Nell’arco di dodici ore ho incrociato centinaia di sguardi, assecondando richieste semplici e complesse. Ho rassicurato i dubbiosi e ho riso con gli spiriti affini - anche se solo per una manciata di secondi. Il magma di persone era inarrestabile: non c’era il tempo di perdersi in ciacole (veneto per chiaccherare), non c’era il tempo di perdersi nei pensieri, non c ‘era il tempo di perdersi, punto. In un flusso continuo di attimi, minuti e poi ore, scivolando sulla superficie del tempo, ho fatto il cassiere.
Una famiglia si avvicina alla cassa per ordinare il pranzo, i bambini parlottano tra loro escogitando chissà quale piano, le altre persone in coda conversano e si guardano intorno.

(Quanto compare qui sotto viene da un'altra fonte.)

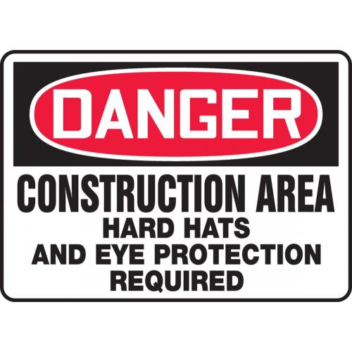 OSHA Sign: "Construction Area Hard Hats and Eye Protection Required"

La musica ci raggiunge come il mare che si adagia sul bagnasciuga per poi ritirarsi. È facile servirli.
Le voci rimbalzano intorno a me, sono allegre, confuse e chiassose. Il pranzo scivola verso il basso nella lista delle necessità. Ora fioccano amari, caffè e luccicano sullo sfondo le prime avvisaglie di un’onda che presto ci travolgerà: è fatta di Gin Tonic, Gin Lemon, Moscow Mule, London Mule, Negroni, Vodka Lemon, Vodka Tonic, Americano, poi parole biascicate, sguardi sospesi, risate sonanti e sorrisi aperti.
L’energia che fluisce dal mio sguardo a quello di chi ho davanti è palpabile. Accolgo tutti con un sorriso e un vibrante e basilare saluto: “ciao, dimmi pure”. Interagisco con sguardi quieti e inquieti, pazienti e sulle spine, stanchi, annoiati, rilassati e ridenti. E’ facile servirli.

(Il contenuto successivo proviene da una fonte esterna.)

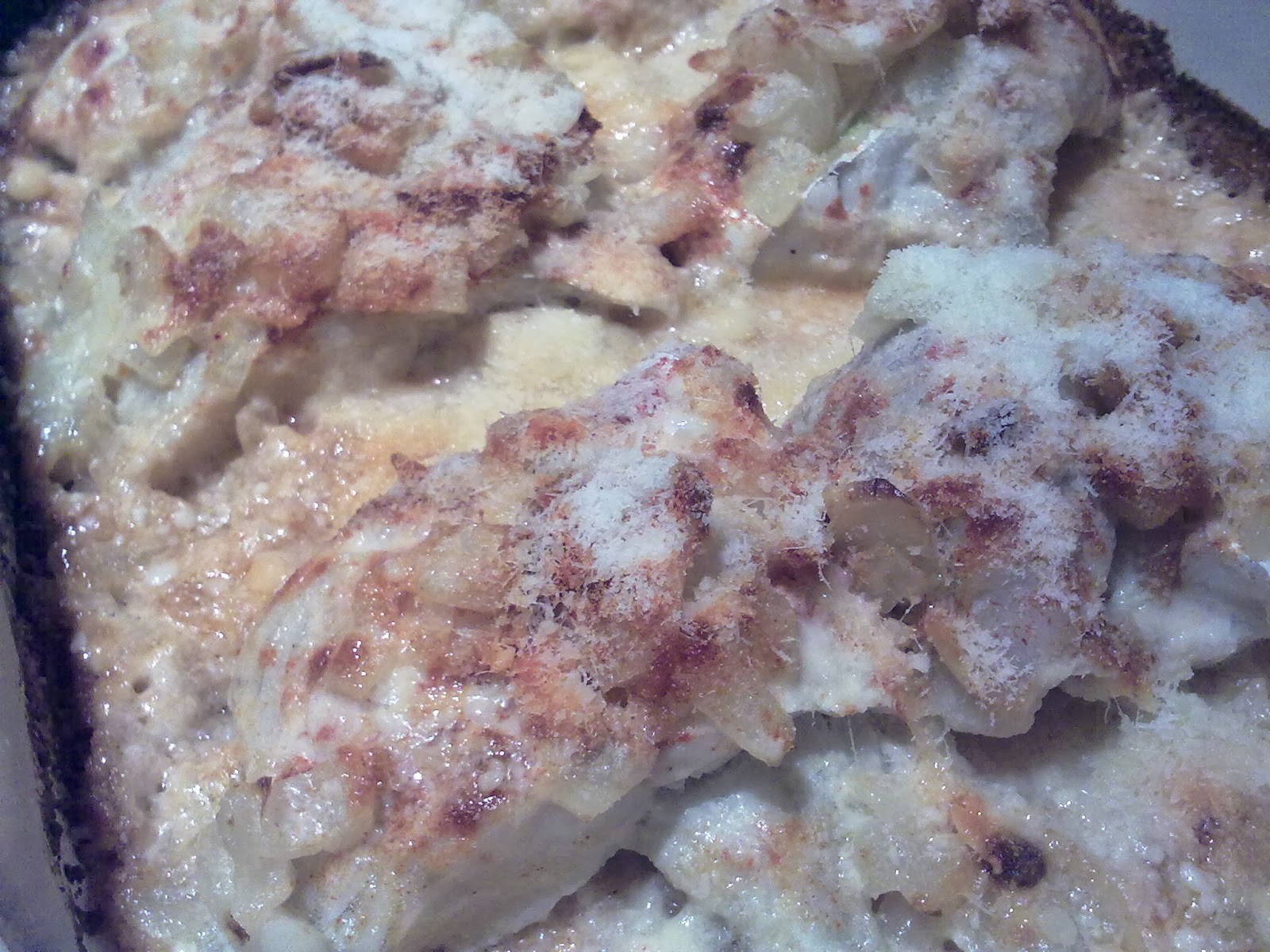 Pelar y cortar en láminas de 1/2 cm un kilo de papas. Hervirlas en caldo (cubito) pero sin que se cocinen del todo, cuando les falta aún, las cuelan. Terminan de cocinarse en el horno.

E’ facile, ma non semplice. Accogliere significa ergersi al di sopra del giudizio, accettando stati d’animo, insiste, richieste strampalate: “mi regali il cappello?” che io nemmeno indossavo; “ce la dai tu la pizza?” come se nascondessi margherite e diavole dentro la cassa. Oppure aiutare un ragazzo a raggiungere le sue agognate olive ascolane, spostandolo dalla fila fatta per venticinque minuti davanti al bancone che serve solo panini.

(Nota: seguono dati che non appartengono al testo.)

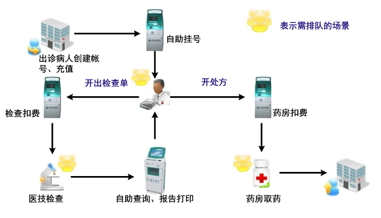 我国的大医院长期存在群众意见极大的看病“三长一短”问题,即挂号排队时间长、候诊时间长、缴费取药时间长、就诊时间短。针对此类现象,卫生部提出医院应“优化服务流程,提高医疗资源利用效率”,开展“先诊疗,后结算”的新型付费模式,在尊重患者传统诊疗付费习惯的基础上,利用现代信息技术,优化门诊流程,提高医院的诊疗效率和服务质量,缓解患者“挂号难、看病难”问题,解决医院“三长一短”,方便患者就诊、增加患者满意度。
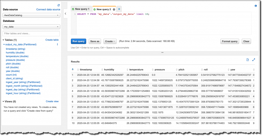 In the Amazon Athena console, I refresh database and tables, and select to preview the output_my_data containing ingest data from this year. In this way, I see the first ten records in the table, and get a confirmation that my setup is working!
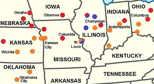 The dialect region "Midland" was first labeled in the 1890s,[13] but only first defined (tentatively) by Hans Kurath in 1949 as centered on central Pennsylvania and expanding westward and southward to include most of Pennsylvania, and the Appalachian regions of Kentucky, Tennessee, and all of West Virginia.[7][14] A decade later, Kurath split this into two discrete subdivisions: the "North Midland" beginning north of the Ohio River valley area and extending westward into central Indiana, central Illinois, central Ohio, Iowa, and northern Missouri, as well as parts of Nebraska and northern Kansas; and the "South Midland", which extends south of the Ohio River and expands westward to include parts of Kentucky, Tennessee, southern Indiana, southern Illinois, southern Ohio, southern Missouri, Arkansas, southern Kansas, and Oklahoma, west of the Mississippi River.[15] Kurath and then later Craig Carver and the related Dictionary of American Regional English based their 1960s research only on lexical (vocabulary) characteristics, with Carver et al. determining the Midland non-existent according to their 1987 publication and preferring to identify Kurath's North Midland as merely an extension of the North and his South Midland as an extension of the South, based on some 800 lexical items.[16]

Per accogliere le persone basta decidere cosa mettere a fuoco: bisogni assillanti, lamentele insistenti, risate sguaiate, urla e schiamazzi a due centimetri dal viso oppure mettere a fuoco il loro sguardo, ascoltare le loro parole, donando loro la nostra attenzione già spogliata di ogni giudizio. Pochi attimi di attenzione sono un lasso di tempo molto intenso e generano rispetto e gratitudine.
Decidere cosa mettere a fuoco cambia la realtà e il significato di ciò che stiamo vivendo.
Lo stimolo fotografico di oggi si concentra sulla messa a fuoco. Il focus selettivo ci permette di raccontare attraverso una scelta, decidendo cosa mostrare in nitidezza e cosa lasciare sfocato.